20-Aug-97 - 02:04 PM
Thread Name: CROSSROADS location
Subject: RE: CROSSROADS
Quoting from the liner notes of "Canned Heat Blues" (RCA/BMG/Bluebird):
"In _Deep Blues_, Robert Palmer's excellent, and essential, book about the history of the blues, (Tommy)Johnson's older brother, LeDell tells scholar David Evans that "the reason he knowed so much (was) he sold hisself to the devil. He said, 'if you want to learn how to play anything..and how to make up songs yourself, you take your guitar and...go where a crossroad is...Be sure to get there a little 'fore twelve o'clock that night..Have your guitar and be sittin' there playing a piece..A big black man will walk up there and take your guitar, and he'll tune it. And then he'll play a piece and give it back to you. That's the way I learned how to play anything I want.'" End quote.

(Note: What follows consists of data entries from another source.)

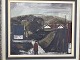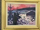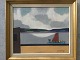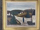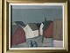 Maleri af Peder Brøndum Sørensen - Huse ved havet 1969.
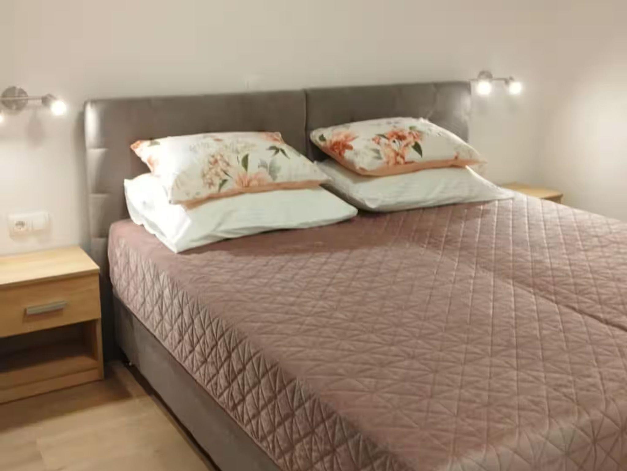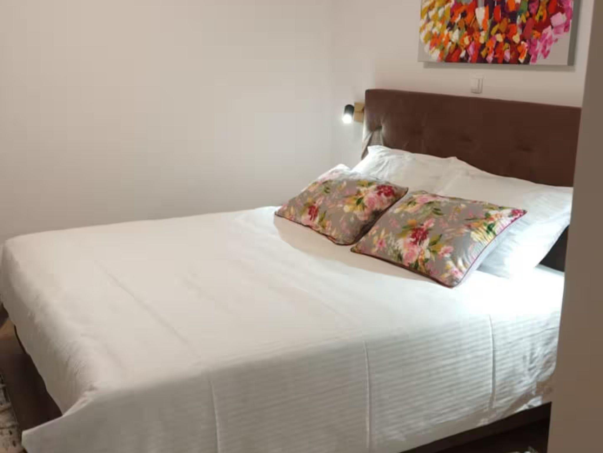 Ferienwohnung bietet Platz für 6 Gäste. Die Betten sind in Schlafzimmern, die es 2 gibt, und in Wohnzimmer, innerhalb einer Gesamtfläche von 71m2, angeordnet. Es ist erlaubt, Speisen auf dem Gemeinschafts-Grill vorzubereiten. Die reservierte Unterkunftseinheit hat keinen Balkon und keine Terrasse. IM PREIS INBEGRIFFEN: Kurtaxe, Endreinigung, Klimatisierung, Parkplatz, Internet, Kinderbett, Bügeleisen, Bügelbrett, Föhn. VERBINDLICHE ZUSÄTZLICHE KOSTEN: Aufzahlung für Kurzaufenthalte (prozentualer Zuschlag pro Nächtigungsanzahl: 30% - 1, 20% - 2, 10% - 3). UNVERBINDLICHE ZUSÄTZLICHE KOSTEN: Zusatzbett (30,00 € pro Nacht). Die Verfügbarkeit zusätzlicher Dienstleistungen in Ihrem reservierten Termin und die Preise derselben (falls nicht aufgeführt) müssen im Voraus überprüft werden. Zusätzliche Dienstleistungen die in der Zahlungsaufforderung nicht aufgeführt sind werden direkt beim Vermieter bezahlt, angenommen der Gast nutzt auch diese.
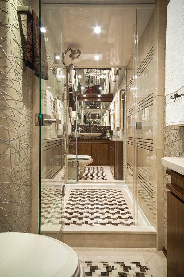 For example, the pantry on the main deck’s starboard side can be converted into another stateroom. Indeed, on Hull #2, the owner is eliminating the free-standing dining table and reworking the salon layout along with the his-and-her heads by making one side a walk-in closet with the other a special locker design. The owner of Hull #3 included a dinette area inside.
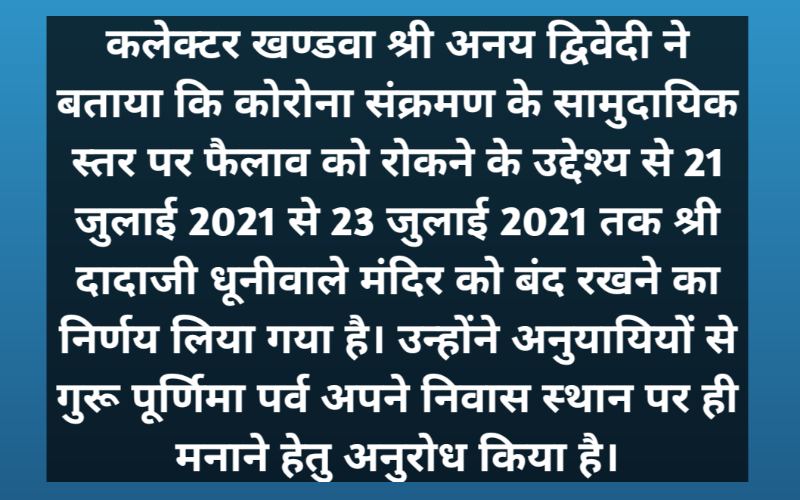 कोरोना संक्रमण के सामुदायिक स्तर पर फैलाव को रोकने के उद्देश्य से जिला प्रशासन खण्डवा द्वारा 21 जुलाई 2021 से 23 जुलाई 2021 तक श्री दादाजी धूनीवाले मंदिर को बंद रखने का निर्णय लिया गया है। उन्होंने अनुयायियों से गुरू पूर्णिमा पर्व अपने निवास स्थान पर ही मनाने हेतु अनुरोध किया है।
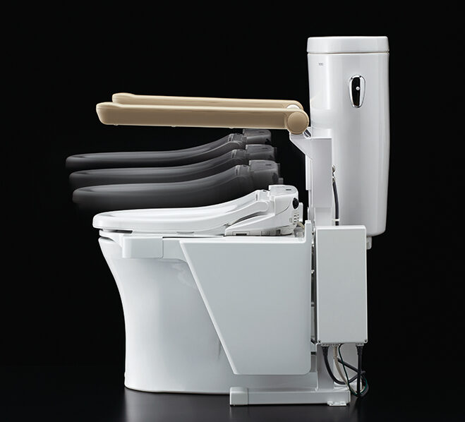 便座が昇降して、立ち座りを補助してくれます。

This is one of the standard legends of the blues, probably told by bluesmen to mystify their audiences and impress women. Tommy Johnson, who may have been a cousin of Robert Johnson, actually learned from Charlie Patton and Willie Brown (the same mentioned in Robert Johnson's Crossroads Blues "Run you can run, tell my friend, boy, Willie Brown..."). He is best known for his great song "Canned Heat Blues" which describes the alcoholism that actually ruined his musical career.